Exercise: Only the pictures should be left out; repeat the rest of the data exactly.

Provided data:
┄┄┄┄┄┄┄┄┄┄

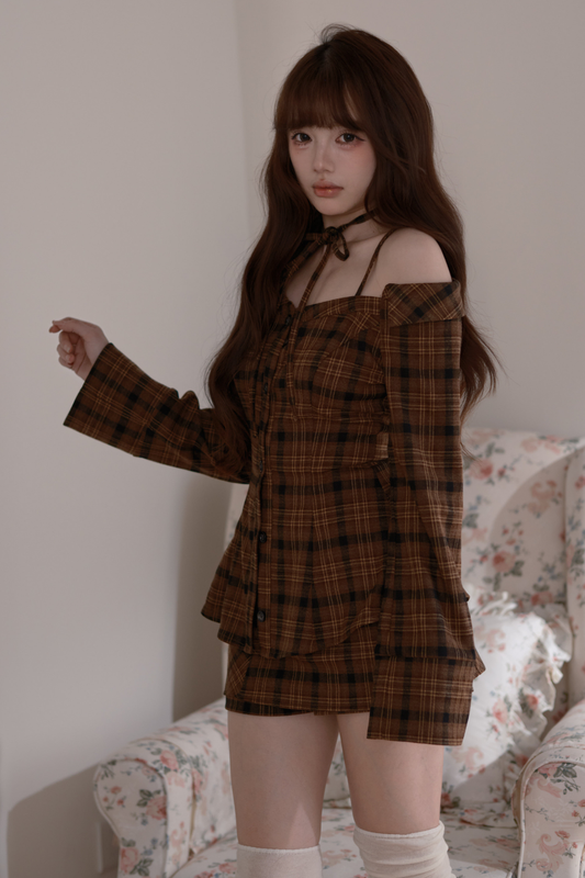 체크 오프숄더 탑 + 반바지
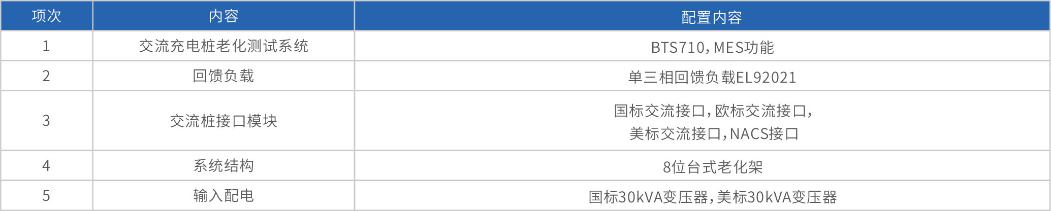 交流充电桩台架式常温老化系统BTS710,主要应用于交流充电桩老化测试等,可选配不同标准接口,支持国标、欧标、美标等标准交流充电桩。为离线常温老化应用设计,可以满足客制化生产测试。
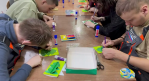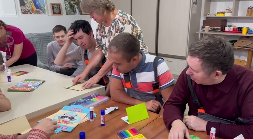 Предновогодние мастер-классы проводились не только гостями, но и сами ребята готовили тему и материалы, учились проведению занятия, а затем учили других. Младшие сотрудники полиграфической мастерской подготовили интересное мероприятие по изготовлению новогодних открыток. Они сделали трафареты, принесли ножницы, цветную бумагу и клей и показали, как можно недорого и красиво поздравить друзей с Новым годом. Из плотного картона ребята вырезали открытки, в центр поместив елочки из цветной бумаги. А вся изюминка заключалась в том, что елочка с обложки попадает внутрь при открывании. Получилось весьма неплохо, а вот подписать сумели не все. Поэтому те, кто умел, помогал товарищам. Участие ребят в проведении занятий, когда они сами готовятся и проводят их, дает дополнительный стимул личному росту, позволяет стать самостоятельнее.

┄┄┄┄┄┄┄┄┄┄

Exercise result:
 체크 오프숄더 탑 + 반바지
 交流充电桩台架式常温老化系统BTS710,主要应用于交流充电桩老化测试等,可选配不同标准接口,支持国标、欧标、美标等标准交流充电桩。为离线常温老化应用设计,可以满足客制化生产测试。
 Предновогодние мастер-классы проводились не только гостями, но и сами ребята готовили тему и материалы, учились проведению занятия, а затем учили других. Младшие сотрудники полиграфической мастерской подготовили интересное мероприятие по изготовлению новогодних открыток. Они сделали трафареты, принесли ножницы, цветную бумагу и клей и показали, как можно недорого и красиво поздравить друзей с Новым годом. Из плотного картона ребята вырезали открытки, в центр поместив елочки из цветной бумаги. А вся изюминка заключалась в том, что елочка с обложки попадает внутрь при открывании. Получилось весьма неплохо, а вот подписать сумели не все. Поэтому те, кто умел, помогал товарищам. Участие ребят в проведении занятий, когда они сами готовятся и проводят их, дает дополнительный стимул личному росту, позволяет стать самостоятельнее.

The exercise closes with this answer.